I’d like to discuss how you can create a simple and affordable DIY studio.

Let’s go through the equipment list for the shoot today. Let’s start with the tripod. This is a  tripod from Manfrotto. It’s from their famous 055 series. I had this for about 30 years. It still works like new. The great thing about Manfrotto is if some of their equipment breaks, they sell spare parts. They have also got a really fantastic customer service. Then the tripod head is a so-called Gearheads. It’s the Manfrotto 410. What I like about gearheads is particularly if you shoot still life is that you can control the camera angle in very small increments. It also has a quick release for fast movements. 

If you’d like to shoot models or subjects, then you might want to consider a ball head. T

he next one would be a stand. This one here is from Calumet.

Calumet produces a very interesting range of mainly Manfrotto clones that come at a price bracket that’s about 50 to 65 percent of the Manfrotto equipment.

Then we’ve got a flash bracket. This one here is from Neewer.  And you can see that I can apply the flash itself, speedlight, and then I can adjust the angle just like this.

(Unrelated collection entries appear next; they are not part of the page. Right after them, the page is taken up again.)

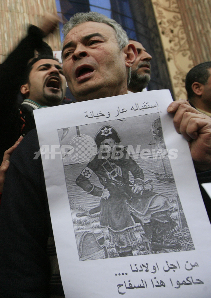 事実上の最大野党である穏健派イスラム原理主義組織「ムスリム同胞団(Muslim Brotherhood)」も13日、ブッシュ大統領を歓迎されざる殺人者だと非難している。(c)AFP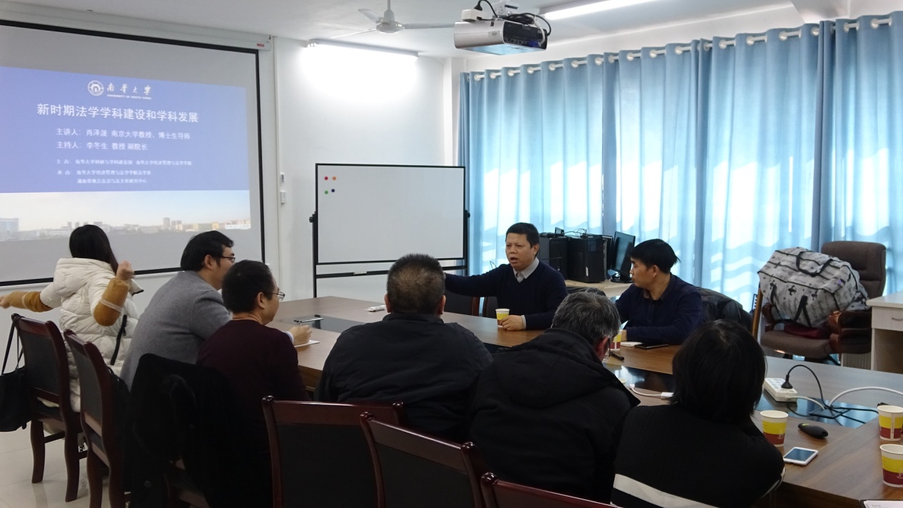 1月5日,南京大学博士生导师肖泽晟教授应邀来南华大学做了新时期法学学科建设和学科发展的主题讲座。本次讲座由南华大学beats365唯一官方网站法学系、湖南省地方法治与文化研究中心承办,beats365唯一官方网站副院长李冬生教授主持,科研与学科建设部副部长詹晶教授、南华大学人因研究所所长戴立操教授、法学系主任吕宗澄博士以及法学、工管等教师代表、研究生代表等20余人参加。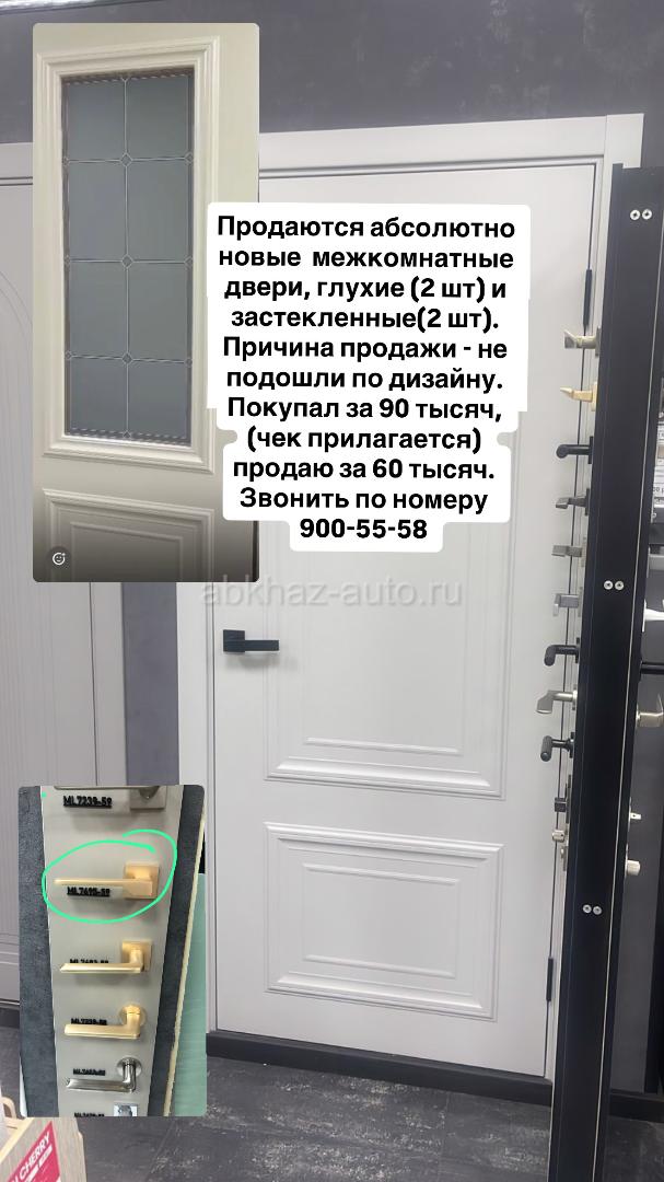 Дополнительная информация: Продаются новые межкомнатные двери (4 шт) Глухие - 2 шт 60 размер Остекленные- 2 шт 80 размер Полный комплект с наличниками и фурнитурой Покупали за 90 000, продаются за 60 000 тыс

Then some type of some type of light shaper. Again, this piece is from a company called Neewer. It’s an 80 x 80 centimetre soft box that I can apply directly to the bracket.  It is gonna fits into a medium sized camera back which is fantastic. Then the flash equipment itself is from a company called Yongnuo.  A lot of my photographer friends, now use Yongnuo equipment as it is incredibly affordable.

It’s about 10 to 15 percent of what you would pay for this type of equipment from Canon on Nikon. And this one here is Yongnuo 560 series. And this one here is the transmitter that allows remote control the speed light in terms of power output, but also zoom settings, etc. Then I strongly suggest that you should shoot tethered. 

Tethered shooting means that you link your camera using a USB cable, link directly to your laptop and then you would shoot into an application like Lightroom or Capture One. And this particular cable is from a company called Tether Tools. You’re going to find this on most professional photoshoots. And I think it’s particularly useful because it’s orange. These cables can be a notorious tripping hazard. Then some form of a bracket is important.

That means that you protect the USB port from the camera. And some cameras, manufacturers create and produce those brackets here. This one’s from Nikon. But you can also buy a tool called a “jerk stopper” that is going to stabilize the USB port. And last but not least, a good roll of gaffer tape. I like to use the one with a matt surface. The one with the shiny surface can sometimes leave a really nasty residue on all your equipment.

OK. So to show you how all this equipment looks like in action, I created a very simple still life setup. So the camera’s mounted to the tripod using the gearhead. Then it is linked to this laptop here using the USB tethering cable.  We’re going to shoot into capture one. Then the speed light is mounted to the stands using the brackets. And it is triggered by the transmitter that’s mounted to the camera. What you can see here is a very soft light, and we have achieved this by pointing the speed light towards a corner of the room while zooming out.

So what this achieves is it creates a large light hot spot in the corner of the room. There’s a very simple rule and lighting that is that says “The larger the light source, the softer the lights.” So because the area that is lit is relatively large and that’s the reason why we get very soft light. Now, the next thing I want to show you is how to use the softbox. 

OK. And to make those images comparable, I need to adjust the light intensity.

You can see that the light now looks more pronounced because the light source itself is smaller and therefore we have more accentuated shadows. Now, if I take the Soft-box off, then the light is  going to become much harder because of the size of the light shape. This is going to be much smaller and therefore it’s going to create a much harder lighting.

OK, you can see that we have much harder, much more pronounced shadows, because the light source itself is small and we’re still working with the reflector in the zoomed out in the 24 millimetre position. Now, when I zoom in to 105, we are going to create a very distinctive light hotspot.

You can see very distinctive vignetting to the top and to the bottom of the frame. That’s because I zoomed in. So that means that the speed light is only going to create a small, very pronounced light hotspot. But you can see here is that it us not about your budget. It’s not about the amount of space that you have, it is all about controlling the equipment. It is important to buy the right equipment that you need for whatever you have in mind for your projects and then to control it.